**WORK TO BE COMPLETED**
Only the lines from the first line of the entries through the line with "Manual técnico del" belong in the answer, each restated word for word and without pictures.

*** Opening of TASK INPUT ***

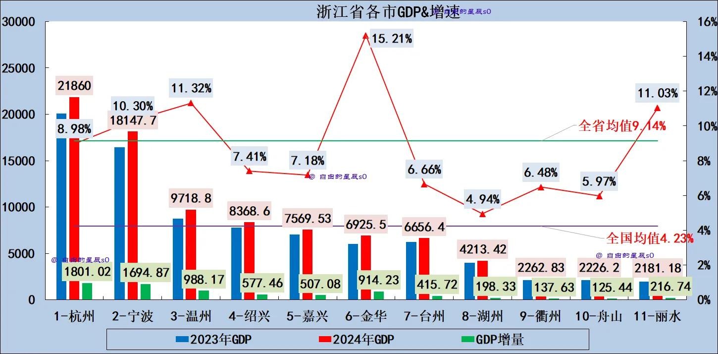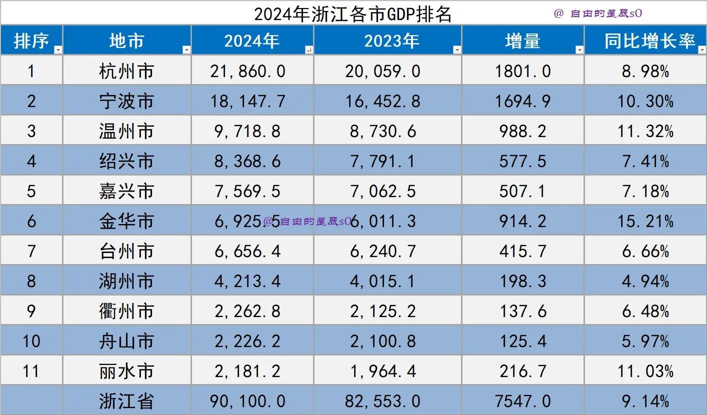 杭州大涨宁波暴增,金华逆袭台州!浙江各市2024年GDP排行出炉
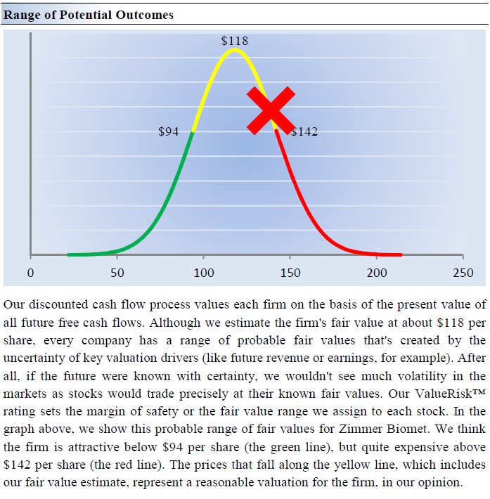 Image Shown: Shares of ZBH are trading near the top end of our fair value estimate range as of this writing, as indicated by the red ‘X’ along the yellow line.
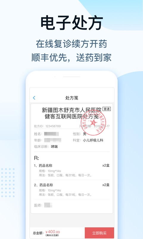 【在线开药】网上找医生复诊开药,配送到家。
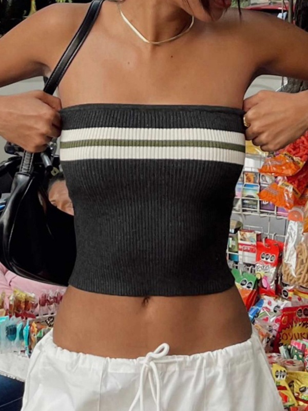 Lace Mesh Splice Lettuce Hem Bandeau Top
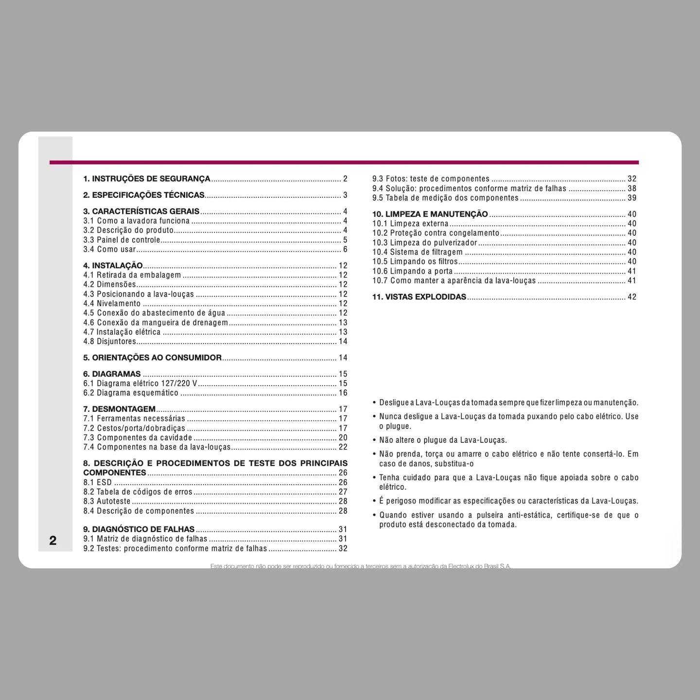 Manual técnico del lavavajillas Electrolux LL08B / LL08S Contenido
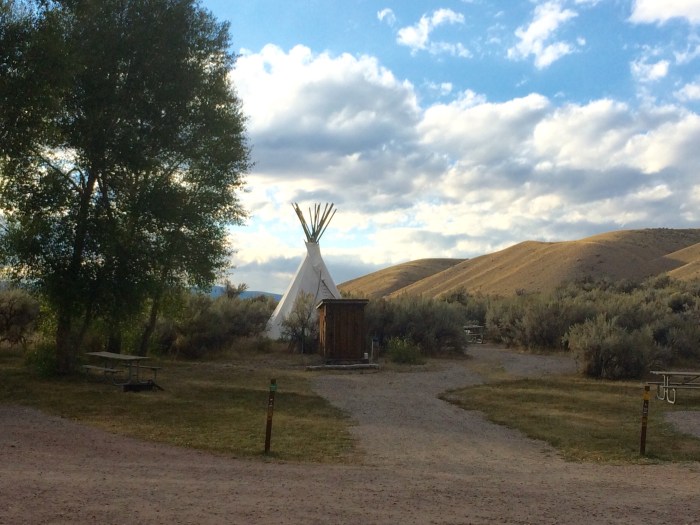 Finally arriving at the small campground on the shores of Red Rocks Lake after a long and dusty 57 miles, I see a truck and trailer with a couple about my age sitting out enjoying the amazing view. I stay hello, and they remembered passing me; said they couldn’t avoid dusting me because I was cycling too fast for them to pass me slowly. Funny!! (Must’ve been on a downhill…)

*** Close of TASK INPUT ***

**EXERCISE ANSWER**
 杭州大涨宁波暴增,金华逆袭台州!浙江各市2024年GDP排行出炉
 Image Shown: Shares of ZBH are trading near the top end of our fair value estimate range as of this writing, as indicated by the red ‘X’ along the yellow line.
 【在线开药】网上找医生复诊开药,配送到家。
 Lace Mesh Splice Lettuce Hem Bandeau Top
 Manual técnico del lavavajillas Electrolux LL08B / LL08S Contenido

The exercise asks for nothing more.